School choice goes beyond partisanship

Tampa businessman John Kirtley almost single-handedly created Florida’s corporate tax credit scholarship program for low-income children, a program he now runs. He’s known nationally for his efforts on behalf of school choice, a subject that landed him on Gov.-elect Rick Scott’s education transition team. We’re trying to get our local members of the team to talk about the education issues that matter to them as they advise Scott. Last week Hillsborough schools superintendent MaryEllen Elia spoke with the Gradebook, and this week Kirtley submitted this essay.  

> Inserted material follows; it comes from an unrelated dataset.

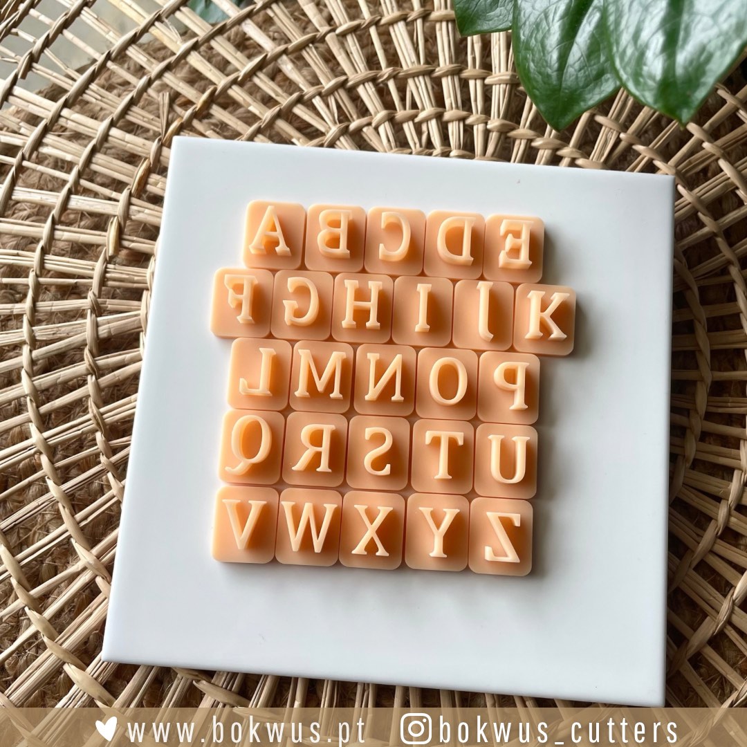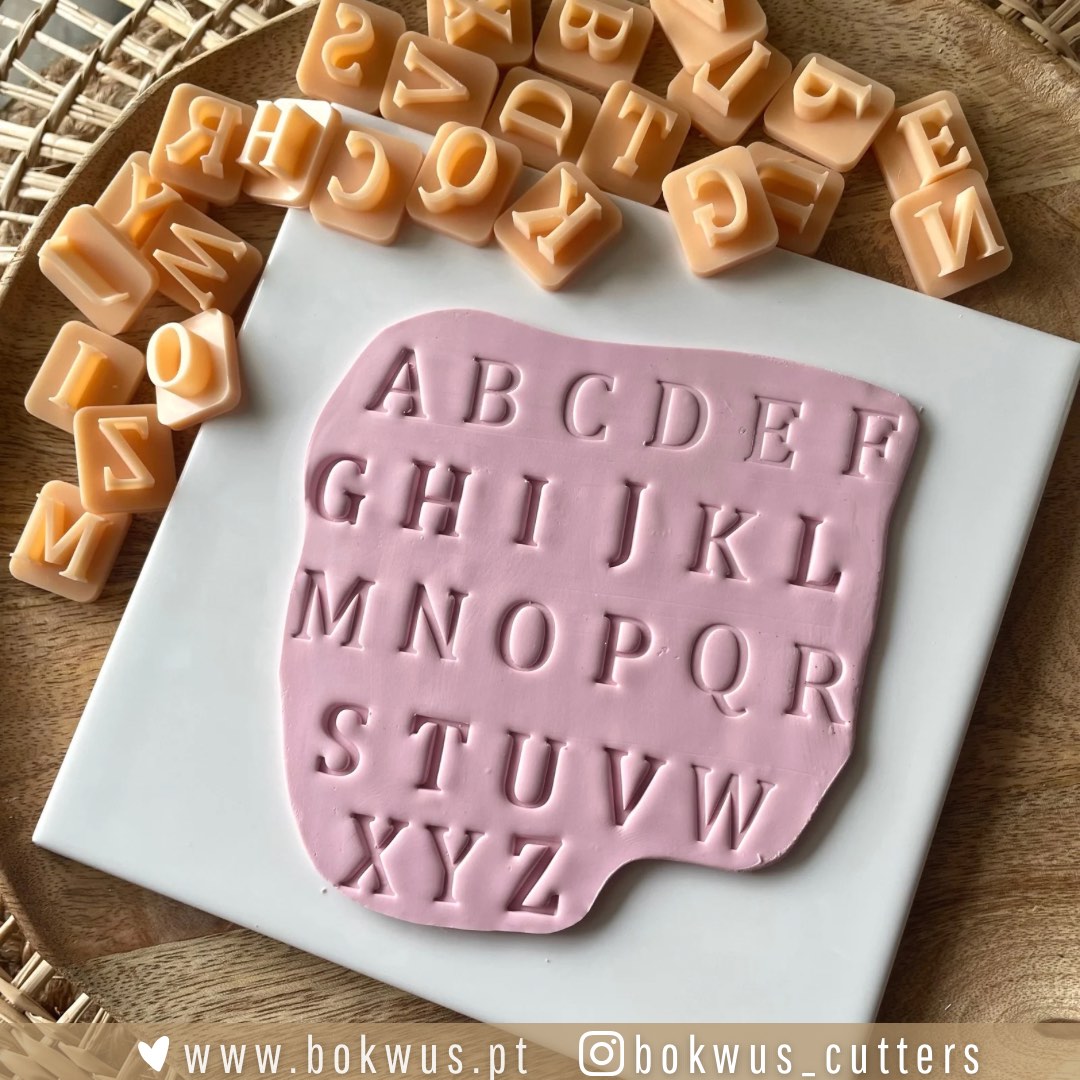 • Carimbos de silicone para letras maiúsculas em tom bege, com molde em silicone rosa e suporte branco sobre mesa de madeira.

For far too long, the important debate over whether we should provide private learning options for low-income schoolchildren has been a source of friction in education circles and partisan combat in political quarters. But when Oprah Winfrey spotlights the desperate needs of these children and some of the private schools that are turning around their lives, we can safely conclude this issue is now mainstream.

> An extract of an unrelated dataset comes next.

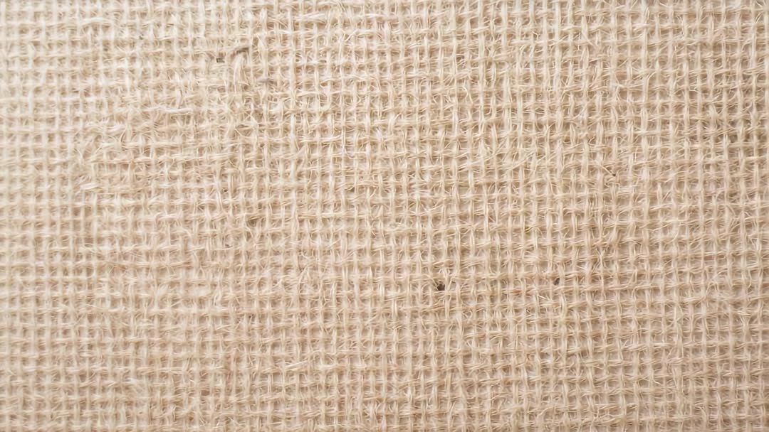 - Panning close-up of burlap weave revealing textured jute fibers and loose lint

The impetus for Oprah’s involvement has been the documentary film, Waiting for Superman, which illustrates how some disadvantaged children in urban communities in New York, Washington and Los Angeles have found new hope in charter schools that are focusing specifically on their needs. What often gets missed in the talk over whether the film’s message is anti-public education, though, is the lineup of people who are advancing the cause.
The director himself, Davis Guggenheim, is a self-professed liberal who gained fame for his work with Al Gore in the global warming documentary, An Inconvenient Truth. In his film and on the public tour that has surrounded it, we have seen education philanthropists Bill and Melinda Gates, Harlem Children’s Zone founder Geoffrey Canada, Grammy-winner John Legend, U.S. education secretary Arne Duncan, and parents of all different races, ethnicity and politics who were reduced to tears at an MSNBC-sponsored screening.
This is becoming the new face of a movement to put all our educational tools on the table for underprivileged students, and Florida is a prime example.